- Problem to solve -
Two lines in the data below mark the range: the one with "I decided to create a poster for" and the one with "会上,对2020年中等职业教". Return both, along with every line between them, exactly.

- Dataset excerpts -
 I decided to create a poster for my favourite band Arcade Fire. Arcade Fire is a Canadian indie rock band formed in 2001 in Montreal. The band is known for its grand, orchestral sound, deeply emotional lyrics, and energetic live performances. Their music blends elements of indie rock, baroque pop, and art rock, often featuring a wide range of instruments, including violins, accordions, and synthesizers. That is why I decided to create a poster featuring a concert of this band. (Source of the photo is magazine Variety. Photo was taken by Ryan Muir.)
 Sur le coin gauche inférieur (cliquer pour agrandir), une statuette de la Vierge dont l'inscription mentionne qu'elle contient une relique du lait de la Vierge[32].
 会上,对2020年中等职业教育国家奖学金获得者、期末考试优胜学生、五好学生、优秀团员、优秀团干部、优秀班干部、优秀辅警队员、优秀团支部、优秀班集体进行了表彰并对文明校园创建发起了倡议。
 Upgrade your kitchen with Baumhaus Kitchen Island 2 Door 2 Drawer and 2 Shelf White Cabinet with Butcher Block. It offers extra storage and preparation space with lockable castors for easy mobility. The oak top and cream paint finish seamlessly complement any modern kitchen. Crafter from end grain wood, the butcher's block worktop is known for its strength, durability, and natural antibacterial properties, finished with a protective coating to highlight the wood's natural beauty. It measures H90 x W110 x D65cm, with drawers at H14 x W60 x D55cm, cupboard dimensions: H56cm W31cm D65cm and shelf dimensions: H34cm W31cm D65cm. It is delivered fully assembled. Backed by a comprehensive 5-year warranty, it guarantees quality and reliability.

--

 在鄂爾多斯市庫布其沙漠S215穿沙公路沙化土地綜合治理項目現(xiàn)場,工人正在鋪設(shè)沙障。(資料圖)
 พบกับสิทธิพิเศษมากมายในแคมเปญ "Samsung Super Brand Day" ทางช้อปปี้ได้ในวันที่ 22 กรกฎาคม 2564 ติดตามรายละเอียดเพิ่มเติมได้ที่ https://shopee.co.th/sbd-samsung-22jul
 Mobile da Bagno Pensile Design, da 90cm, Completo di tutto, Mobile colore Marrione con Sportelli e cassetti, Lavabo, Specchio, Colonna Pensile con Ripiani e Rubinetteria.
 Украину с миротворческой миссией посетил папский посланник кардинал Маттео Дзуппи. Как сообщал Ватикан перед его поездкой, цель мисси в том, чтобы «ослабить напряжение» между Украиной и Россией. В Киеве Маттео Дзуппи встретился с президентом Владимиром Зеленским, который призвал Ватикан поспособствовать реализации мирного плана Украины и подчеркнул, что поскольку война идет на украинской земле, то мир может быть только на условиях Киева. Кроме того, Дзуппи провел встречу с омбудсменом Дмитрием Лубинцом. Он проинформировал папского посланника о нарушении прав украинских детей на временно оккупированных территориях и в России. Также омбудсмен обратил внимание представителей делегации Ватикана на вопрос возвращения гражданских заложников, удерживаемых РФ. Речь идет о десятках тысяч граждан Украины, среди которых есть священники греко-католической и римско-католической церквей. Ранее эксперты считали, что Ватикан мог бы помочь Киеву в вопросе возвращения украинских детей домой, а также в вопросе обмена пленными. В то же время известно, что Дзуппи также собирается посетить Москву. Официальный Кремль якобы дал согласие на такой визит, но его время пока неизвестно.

- The completed task -
 I decided to create a poster for my favourite band Arcade Fire. Arcade Fire is a Canadian indie rock band formed in 2001 in Montreal. The band is known for its grand, orchestral sound, deeply emotional lyrics, and energetic live performances. Their music blends elements of indie rock, baroque pop, and art rock, often featuring a wide range of instruments, including violins, accordions, and synthesizers. That is why I decided to create a poster featuring a concert of this band. (Source of the photo is magazine Variety. Photo was taken by Ryan Muir.)
 Sur le coin gauche inférieur (cliquer pour agrandir), une statuette de la Vierge dont l'inscription mentionne qu'elle contient une relique du lait de la Vierge[32].
 会上,对2020年中等职业教育国家奖学金获得者、期末考试优胜学生、五好学生、优秀团员、优秀团干部、优秀班干部、优秀辅警队员、优秀团支部、优秀班集体进行了表彰并对文明校园创建发起了倡议。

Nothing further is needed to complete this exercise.